EXTRACTED RECORDS Start Marker

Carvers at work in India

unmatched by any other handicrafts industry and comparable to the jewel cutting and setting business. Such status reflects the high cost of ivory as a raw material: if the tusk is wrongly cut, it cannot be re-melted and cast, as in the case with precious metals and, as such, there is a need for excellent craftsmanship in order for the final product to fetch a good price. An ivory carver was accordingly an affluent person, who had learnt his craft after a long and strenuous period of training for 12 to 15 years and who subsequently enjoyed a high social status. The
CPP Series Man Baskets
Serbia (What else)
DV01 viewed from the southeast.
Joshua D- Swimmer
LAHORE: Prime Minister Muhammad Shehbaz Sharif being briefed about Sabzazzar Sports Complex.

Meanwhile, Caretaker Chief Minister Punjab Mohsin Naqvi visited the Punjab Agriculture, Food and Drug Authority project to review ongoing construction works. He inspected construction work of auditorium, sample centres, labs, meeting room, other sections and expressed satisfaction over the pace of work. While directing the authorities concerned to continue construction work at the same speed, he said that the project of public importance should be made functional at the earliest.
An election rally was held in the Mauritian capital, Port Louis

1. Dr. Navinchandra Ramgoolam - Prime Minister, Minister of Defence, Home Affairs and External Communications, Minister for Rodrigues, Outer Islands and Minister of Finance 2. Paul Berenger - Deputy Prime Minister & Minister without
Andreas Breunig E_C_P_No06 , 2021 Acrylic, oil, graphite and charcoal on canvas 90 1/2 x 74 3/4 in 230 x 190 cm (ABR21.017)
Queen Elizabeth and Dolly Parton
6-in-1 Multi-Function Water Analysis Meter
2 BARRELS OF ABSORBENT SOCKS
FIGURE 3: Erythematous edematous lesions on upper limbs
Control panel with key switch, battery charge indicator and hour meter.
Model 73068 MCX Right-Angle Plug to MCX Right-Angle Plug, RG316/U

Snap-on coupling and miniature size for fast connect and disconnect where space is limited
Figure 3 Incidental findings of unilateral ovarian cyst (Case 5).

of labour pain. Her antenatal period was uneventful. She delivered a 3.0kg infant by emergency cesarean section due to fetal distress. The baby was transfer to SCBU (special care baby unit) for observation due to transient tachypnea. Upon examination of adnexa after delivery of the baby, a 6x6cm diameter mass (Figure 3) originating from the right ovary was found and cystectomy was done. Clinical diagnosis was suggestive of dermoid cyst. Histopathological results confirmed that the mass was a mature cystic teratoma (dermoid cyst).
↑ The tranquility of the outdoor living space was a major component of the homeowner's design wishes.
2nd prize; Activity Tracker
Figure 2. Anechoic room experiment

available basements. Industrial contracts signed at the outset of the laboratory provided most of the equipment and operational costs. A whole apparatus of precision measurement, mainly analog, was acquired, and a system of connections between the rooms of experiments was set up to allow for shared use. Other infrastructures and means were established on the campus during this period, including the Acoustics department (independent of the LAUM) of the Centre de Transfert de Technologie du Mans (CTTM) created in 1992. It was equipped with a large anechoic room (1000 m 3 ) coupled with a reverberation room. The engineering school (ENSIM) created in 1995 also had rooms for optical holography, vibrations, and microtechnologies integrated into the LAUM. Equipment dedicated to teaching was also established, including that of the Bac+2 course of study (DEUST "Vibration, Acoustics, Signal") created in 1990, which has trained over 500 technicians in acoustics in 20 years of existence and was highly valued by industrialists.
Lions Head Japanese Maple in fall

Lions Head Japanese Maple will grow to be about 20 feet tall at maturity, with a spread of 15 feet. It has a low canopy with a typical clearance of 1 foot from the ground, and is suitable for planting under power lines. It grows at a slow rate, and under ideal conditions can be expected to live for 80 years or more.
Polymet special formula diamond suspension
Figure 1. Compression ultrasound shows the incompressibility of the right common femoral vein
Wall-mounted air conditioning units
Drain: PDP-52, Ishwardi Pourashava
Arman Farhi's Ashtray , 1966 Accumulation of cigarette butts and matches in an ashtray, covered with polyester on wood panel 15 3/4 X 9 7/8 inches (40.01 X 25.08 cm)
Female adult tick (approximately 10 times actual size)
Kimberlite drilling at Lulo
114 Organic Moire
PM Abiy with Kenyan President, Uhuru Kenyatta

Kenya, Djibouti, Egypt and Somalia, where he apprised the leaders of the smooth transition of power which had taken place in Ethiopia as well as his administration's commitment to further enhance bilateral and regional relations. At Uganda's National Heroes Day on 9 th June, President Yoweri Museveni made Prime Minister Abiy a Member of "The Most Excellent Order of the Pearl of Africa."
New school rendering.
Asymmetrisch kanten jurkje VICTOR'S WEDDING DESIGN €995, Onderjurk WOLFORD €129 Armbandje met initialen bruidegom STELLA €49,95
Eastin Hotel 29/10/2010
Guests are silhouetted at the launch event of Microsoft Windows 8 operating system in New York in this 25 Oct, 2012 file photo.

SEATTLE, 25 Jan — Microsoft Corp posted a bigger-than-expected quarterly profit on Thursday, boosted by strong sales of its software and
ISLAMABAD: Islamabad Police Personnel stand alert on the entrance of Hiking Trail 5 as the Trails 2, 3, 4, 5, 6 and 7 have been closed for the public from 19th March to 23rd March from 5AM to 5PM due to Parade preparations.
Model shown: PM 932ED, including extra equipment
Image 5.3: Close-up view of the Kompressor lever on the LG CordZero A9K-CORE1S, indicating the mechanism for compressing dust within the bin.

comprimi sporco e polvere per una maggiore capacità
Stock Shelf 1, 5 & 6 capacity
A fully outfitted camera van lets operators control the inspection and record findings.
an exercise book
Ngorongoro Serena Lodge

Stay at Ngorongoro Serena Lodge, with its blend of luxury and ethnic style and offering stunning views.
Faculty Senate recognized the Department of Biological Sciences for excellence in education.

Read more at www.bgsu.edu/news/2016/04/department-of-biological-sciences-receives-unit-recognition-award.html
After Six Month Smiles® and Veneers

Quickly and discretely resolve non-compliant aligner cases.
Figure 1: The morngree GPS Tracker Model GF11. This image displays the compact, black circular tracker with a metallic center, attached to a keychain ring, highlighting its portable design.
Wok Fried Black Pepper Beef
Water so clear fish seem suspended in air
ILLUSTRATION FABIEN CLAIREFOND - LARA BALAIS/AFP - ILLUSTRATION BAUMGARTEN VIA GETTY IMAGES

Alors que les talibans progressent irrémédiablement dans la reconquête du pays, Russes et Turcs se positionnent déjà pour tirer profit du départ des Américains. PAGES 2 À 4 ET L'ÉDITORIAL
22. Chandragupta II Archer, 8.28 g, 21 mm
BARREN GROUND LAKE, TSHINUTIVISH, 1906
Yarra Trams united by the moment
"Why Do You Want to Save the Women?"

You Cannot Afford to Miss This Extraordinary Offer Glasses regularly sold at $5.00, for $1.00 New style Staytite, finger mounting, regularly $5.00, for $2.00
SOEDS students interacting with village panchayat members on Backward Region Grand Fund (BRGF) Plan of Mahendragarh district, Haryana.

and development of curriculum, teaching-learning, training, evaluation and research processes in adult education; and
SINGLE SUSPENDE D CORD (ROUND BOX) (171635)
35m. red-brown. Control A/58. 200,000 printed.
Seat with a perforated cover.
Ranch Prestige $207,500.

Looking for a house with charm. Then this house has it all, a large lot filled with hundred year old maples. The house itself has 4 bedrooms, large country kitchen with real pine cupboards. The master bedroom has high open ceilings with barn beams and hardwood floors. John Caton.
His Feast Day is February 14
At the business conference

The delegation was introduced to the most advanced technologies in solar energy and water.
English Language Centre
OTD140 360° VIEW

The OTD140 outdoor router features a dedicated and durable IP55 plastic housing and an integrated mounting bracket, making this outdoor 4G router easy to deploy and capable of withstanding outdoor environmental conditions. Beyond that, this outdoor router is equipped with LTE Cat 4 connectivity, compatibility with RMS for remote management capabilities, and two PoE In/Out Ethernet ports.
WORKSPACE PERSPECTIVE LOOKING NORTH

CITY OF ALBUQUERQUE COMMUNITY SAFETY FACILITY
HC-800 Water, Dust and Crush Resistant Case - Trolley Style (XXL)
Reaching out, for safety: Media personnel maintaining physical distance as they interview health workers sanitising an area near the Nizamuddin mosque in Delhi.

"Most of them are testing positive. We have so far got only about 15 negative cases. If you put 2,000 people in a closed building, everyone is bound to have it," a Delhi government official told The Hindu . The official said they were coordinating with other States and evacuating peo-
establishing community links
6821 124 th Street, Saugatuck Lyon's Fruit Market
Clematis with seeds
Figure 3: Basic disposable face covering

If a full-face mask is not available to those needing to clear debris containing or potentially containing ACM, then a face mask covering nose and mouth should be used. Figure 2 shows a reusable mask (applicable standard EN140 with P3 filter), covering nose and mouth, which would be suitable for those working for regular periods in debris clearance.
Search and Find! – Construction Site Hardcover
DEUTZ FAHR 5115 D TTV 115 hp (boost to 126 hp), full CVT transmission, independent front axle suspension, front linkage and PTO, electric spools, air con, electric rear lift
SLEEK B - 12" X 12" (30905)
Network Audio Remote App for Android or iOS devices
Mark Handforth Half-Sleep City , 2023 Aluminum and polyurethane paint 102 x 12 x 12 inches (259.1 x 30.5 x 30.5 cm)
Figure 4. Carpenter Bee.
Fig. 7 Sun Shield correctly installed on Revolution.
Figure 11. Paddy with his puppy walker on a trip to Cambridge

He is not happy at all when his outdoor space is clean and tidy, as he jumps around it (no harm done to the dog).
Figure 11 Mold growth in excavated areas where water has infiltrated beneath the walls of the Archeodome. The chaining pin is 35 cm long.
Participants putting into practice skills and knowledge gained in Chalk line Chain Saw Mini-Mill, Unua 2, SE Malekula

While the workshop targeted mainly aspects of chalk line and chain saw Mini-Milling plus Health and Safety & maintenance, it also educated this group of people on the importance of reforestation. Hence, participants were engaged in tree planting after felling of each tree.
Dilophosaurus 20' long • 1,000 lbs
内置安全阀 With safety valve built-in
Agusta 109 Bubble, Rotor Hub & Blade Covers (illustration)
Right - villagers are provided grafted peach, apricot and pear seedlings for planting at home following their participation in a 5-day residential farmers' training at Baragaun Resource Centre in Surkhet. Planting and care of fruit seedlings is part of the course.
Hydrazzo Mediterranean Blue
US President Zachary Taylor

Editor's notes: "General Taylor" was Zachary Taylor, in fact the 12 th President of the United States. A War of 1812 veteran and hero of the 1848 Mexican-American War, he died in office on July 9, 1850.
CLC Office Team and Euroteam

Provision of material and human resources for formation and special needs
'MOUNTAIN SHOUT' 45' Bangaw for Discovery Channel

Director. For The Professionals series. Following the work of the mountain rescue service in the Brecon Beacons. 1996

EXTRACTED RECORDS End Marker

Give an exact copy of the lines above from the line with "A fully outfitted" up to and including the line with "Do You Want", and leave everything else out.

A fully outfitted camera van lets operators control the inspection and record findings.
an exercise book
Ngorongoro Serena Lodge

Stay at Ngorongoro Serena Lodge, with its blend of luxury and ethnic style and offering stunning views.
Faculty Senate recognized the Department of Biological Sciences for excellence in education.

Read more at www.bgsu.edu/news/2016/04/department-of-biological-sciences-receives-unit-recognition-award.html
After Six Month Smiles® and Veneers

Quickly and discretely resolve non-compliant aligner cases.
Figure 1: The morngree GPS Tracker Model GF11. This image displays the compact, black circular tracker with a metallic center, attached to a keychain ring, highlighting its portable design.
Wok Fried Black Pepper Beef
Water so clear fish seem suspended in air
ILLUSTRATION FABIEN CLAIREFOND - LARA BALAIS/AFP - ILLUSTRATION BAUMGARTEN VIA GETTY IMAGES

Alors que les talibans progressent irrémédiablement dans la reconquête du pays, Russes et Turcs se positionnent déjà pour tirer profit du départ des Américains. PAGES 2 À 4 ET L'ÉDITORIAL
22. Chandragupta II Archer, 8.28 g, 21 mm
BARREN GROUND LAKE, TSHINUTIVISH, 1906
Yarra Trams united by the moment
"Why Do You Want to Save the Women?"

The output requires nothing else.